When I was in Norway with Tom we went up the mountains to Arne Naess's home, the Tvergastein hut, if you look to the right of me on the picture you can see it, nestled into the mountainside. Arne Dekke Eide Næss (27 January 1912 – 12 January 2009) was a Norwegian philosopher, the founder of deep ecology.[5] He was the youngest person to be appointed full professor at the University of Oslo.

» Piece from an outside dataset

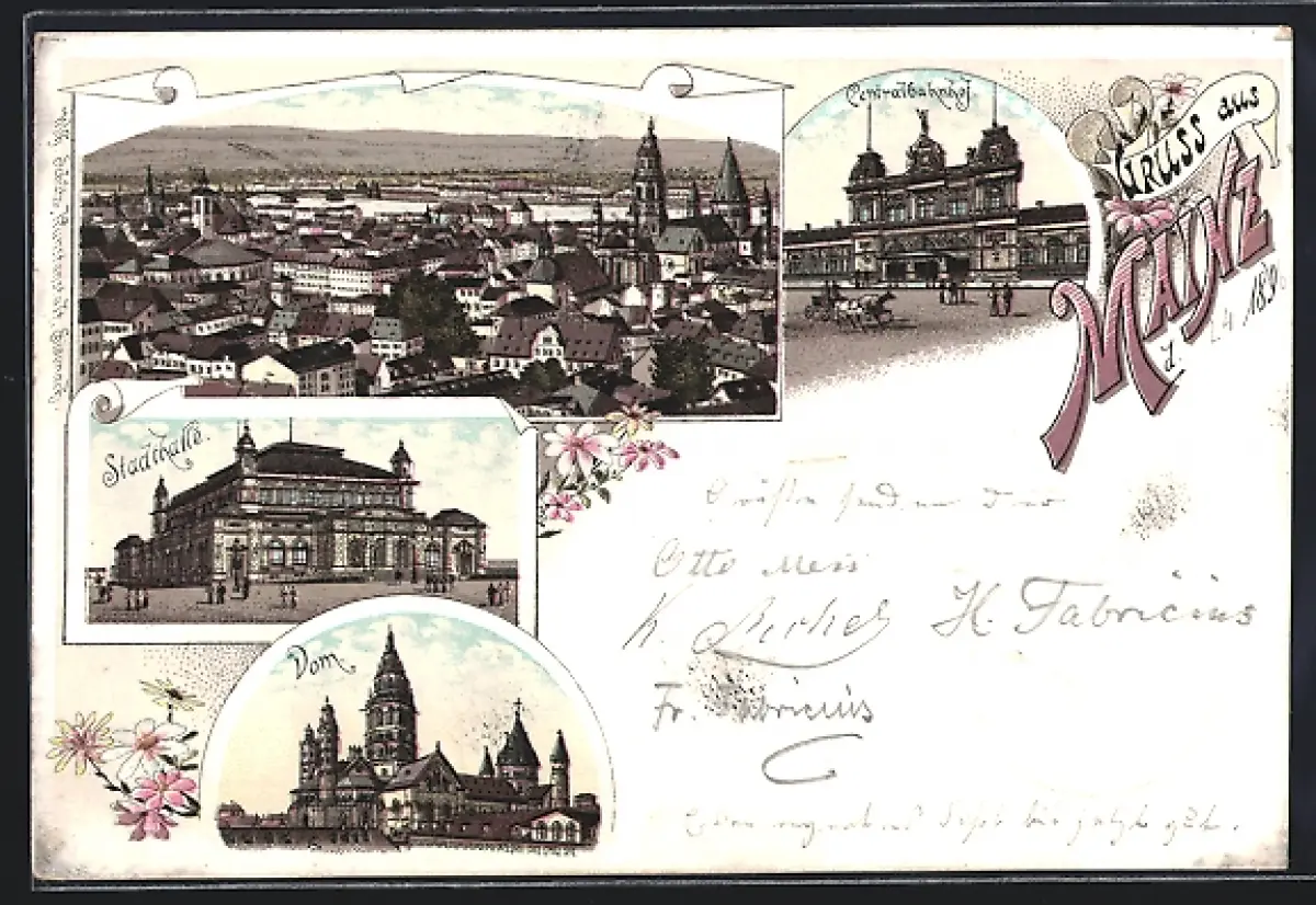 Lithographie Mainz, Centralbahnhof, Stadthaus, Teilansicht, Dom

Næss cited Rachel Carson's 1962 book Silent Spring as being a key influence in his vision of deep ecology. Næss combined his ecological vision with Gandhian nonviolence and on several occasions participated in direct action. In 1970, together with a large number of demonstrators, he chained himself to rocks in front of Mardalsfossen, a waterfall in a Norwegian fjord, and refused to descend until plans to build a dam were dropped. Though the demonstrators were carried away by police and the dam was eventually built, the demonstration launched a more activist phase of Norwegian environmentalism. In 1958, Arne Næss founded the Interdiciplinary Journal of Philosophy Inquiry.

Næss was a noted mountaineer, who in 1950 led the expedition that made the first ascent of Tirich Mir (7,708 m). The Tvergastein hut in the Hallingskarvet massif played an important role in Næss' life.